The health IT staffing shortage is getting worse, most acutely for technicians qualified to implement and maintain clinical software, a new survey shows.
The survey, conducted in July by the College of Healthcare Information Management Executives, found that 67 percent of health IT executives reported staffing shortages, compared with 59 percent two years earlier. For clinical software implementation, the figure was 76 percent, up from 70 percent in 2010.
Only 12 percent of chief information officers responding to the survey reported hiring graduates of the new Health IT Workforce Development program, under which students can achieve non-degree health IT training in six months or less at community colleges and universities. It was unclear why the numbers weren’t higher, although respondents said they were least likely to hire applicants with health IT education but no experience working in the field.
“Even with two years of focused attention on implementing electronic health records at the nation’s hospitals, in response to federal incentives, it’s clear that staffing is a significant concern for IT executives,” Randy McCleese, chief information officer at St. Claire Regional Medical Center in Morehead, Ky., said in a CHIME news release.
The continued push to meet federal targets for meaningful use of electronic health records, as well as the switch to a new medical coding system called ICD-10, will continue to stress the health-care IT workforce through at least 2014, he said.
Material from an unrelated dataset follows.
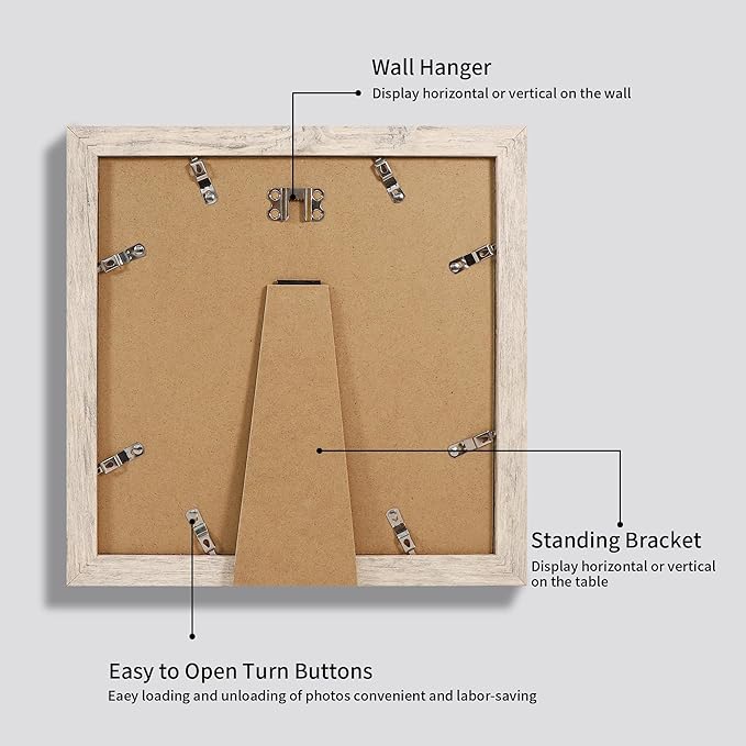 - EASY MOUNTING: The frames 10x10 come with 8 flexible swivel tabs on the back, Spring type action to remove the backing, without hurting fingers. Itβs easy to open and put in photos, so you interchange photos regularly with confidence.

As staffing shortages continue, concern over retention is growing, the survey indicted. While 76 percent of CIOs responding to the survey in 2010 registered concern over retention, the proportion grew to 85 percent this year, according to the news release. That may be because the number of health IT projects, including regional and state health information exchanges, continues to expand, CHIME said.
The most common means of dealing with staffing shortages was to hire contract IT specialists, according to the survey.
One bright spot: Fewer CIOs worry that staffing shortages will endanger their meaningful use incentive payments. While 70 percent registered that concern in 2010, the number dropped to 59 percent this year.